*Assignment:* Images are to be dropped, and the rest of the data reproduced exactly.

[[ Recorded data open ]]

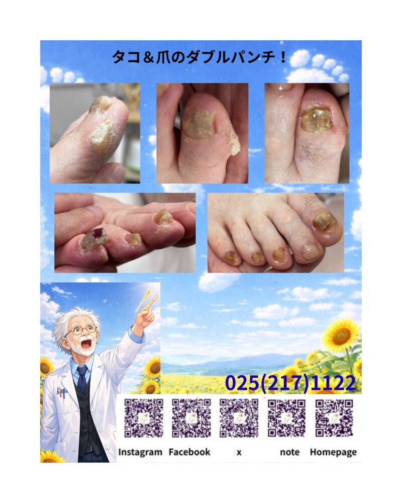 タコ(角質)と爪トラブルが同時に起きているケースをよく見かけます。
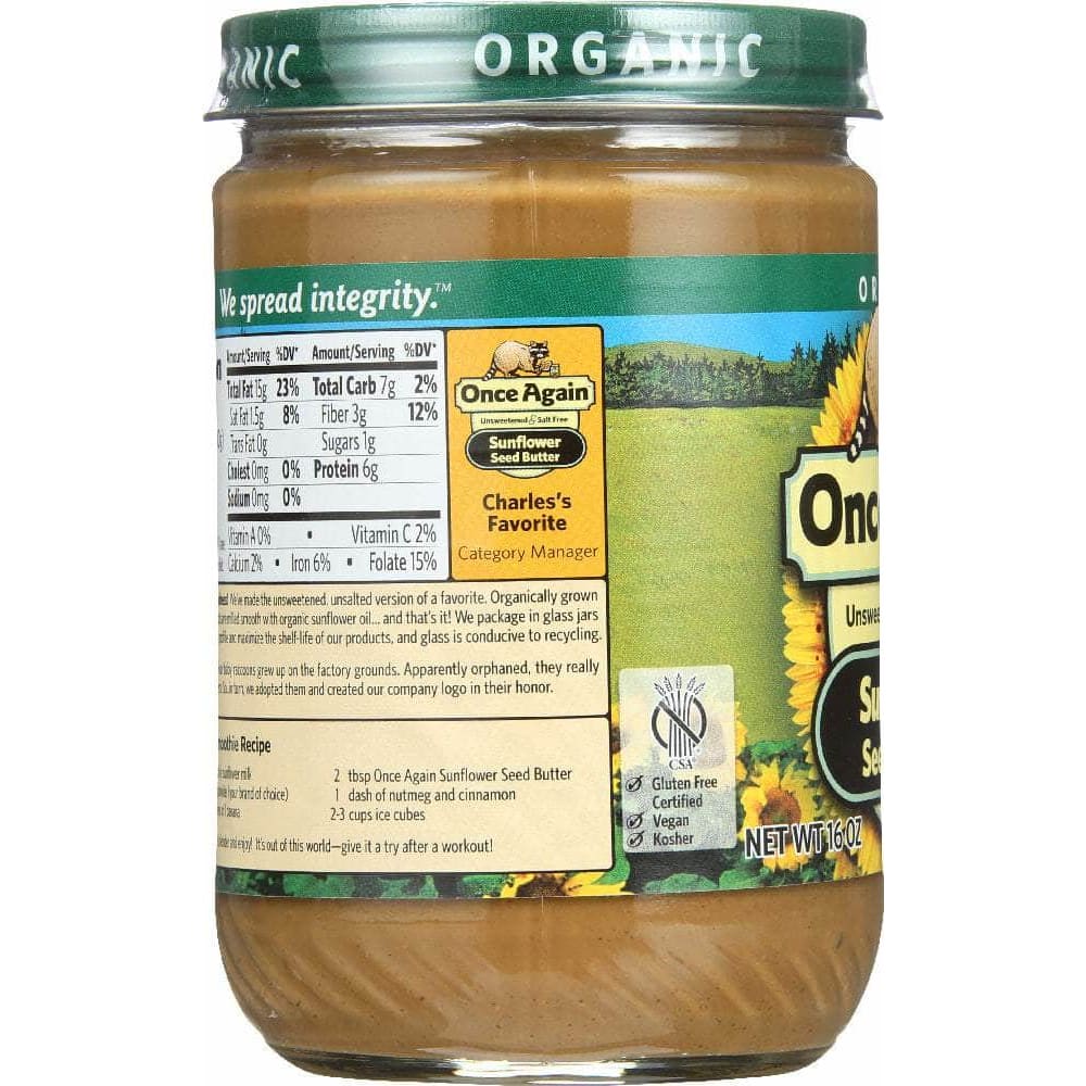 Once Again Organic Sunflower Seed Butter Unsweetened & Salt Free, 16 oz (Case of 2)
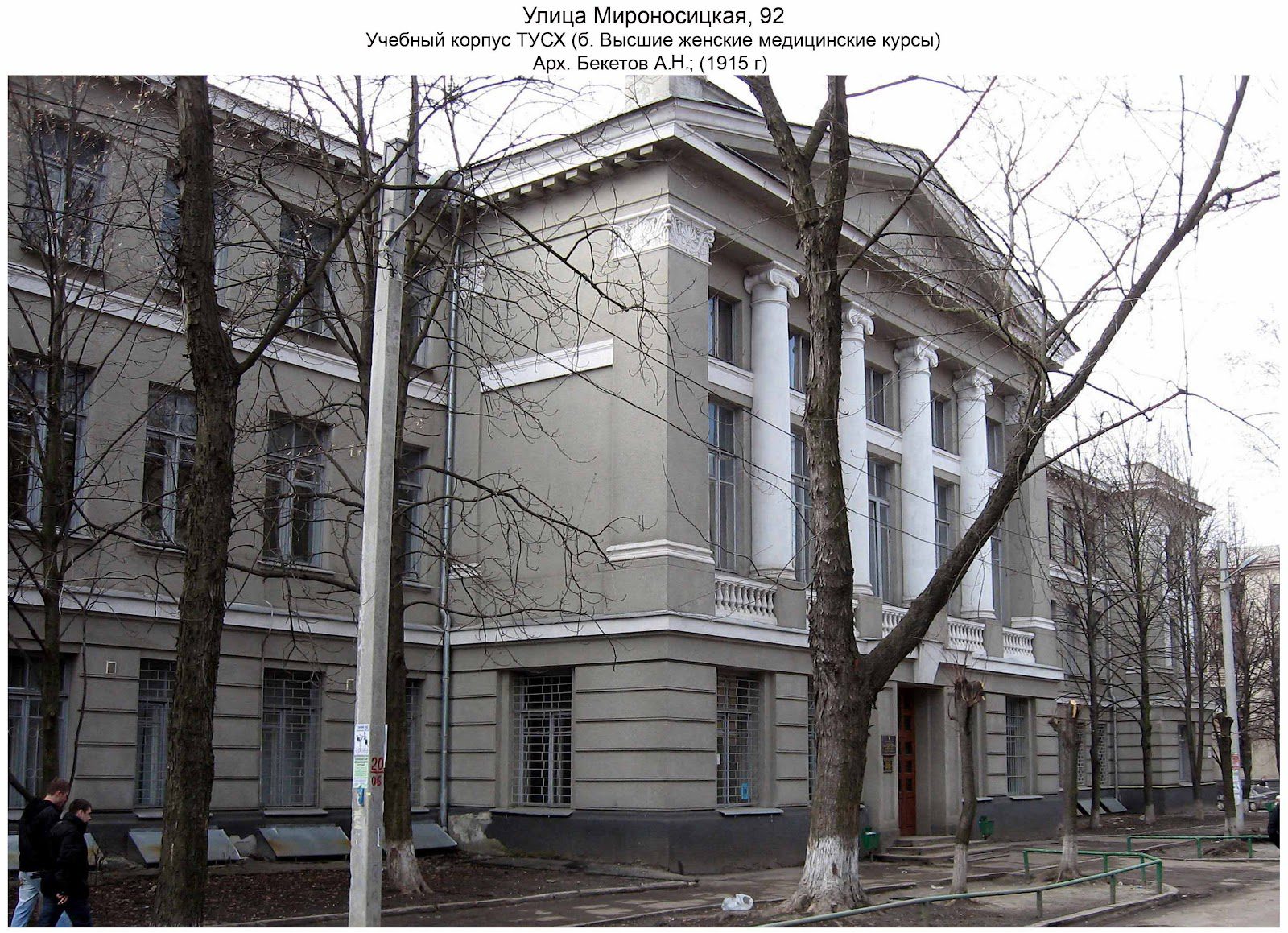 Але найзначнішим кроком стало створення Вищих жіночих курсів, які почали діяти при товаристві у 1910 роках. Курси проводили в одному із приміщень, які були орендовані товариством у центрі міста неподалік Харківського Імператорського університету. Це давало змогу залучати до викладання професуру з цього вишу. Іноді запрошували лекторів із Петербурга та Києва, наприклад, на заняття з права.

[[ Recorded data closed ]]

*Problem solution:*
 タコ(角質)と爪トラブルが同時に起きているケースをよく見かけます。
 Once Again Organic Sunflower Seed Butter Unsweetened & Salt Free, 16 oz (Case of 2)
 Але найзначнішим кроком стало створення Вищих жіночих курсів, які почали діяти при товаристві у 1910 роках. Курси проводили в одному із приміщень, які були орендовані товариством у центрі міста неподалік Харківського Імператорського університету. Це давало змогу залучати до викладання професуру з цього вишу. Іноді запрошували лекторів із Петербурга та Києва, наприклад, на заняття з права.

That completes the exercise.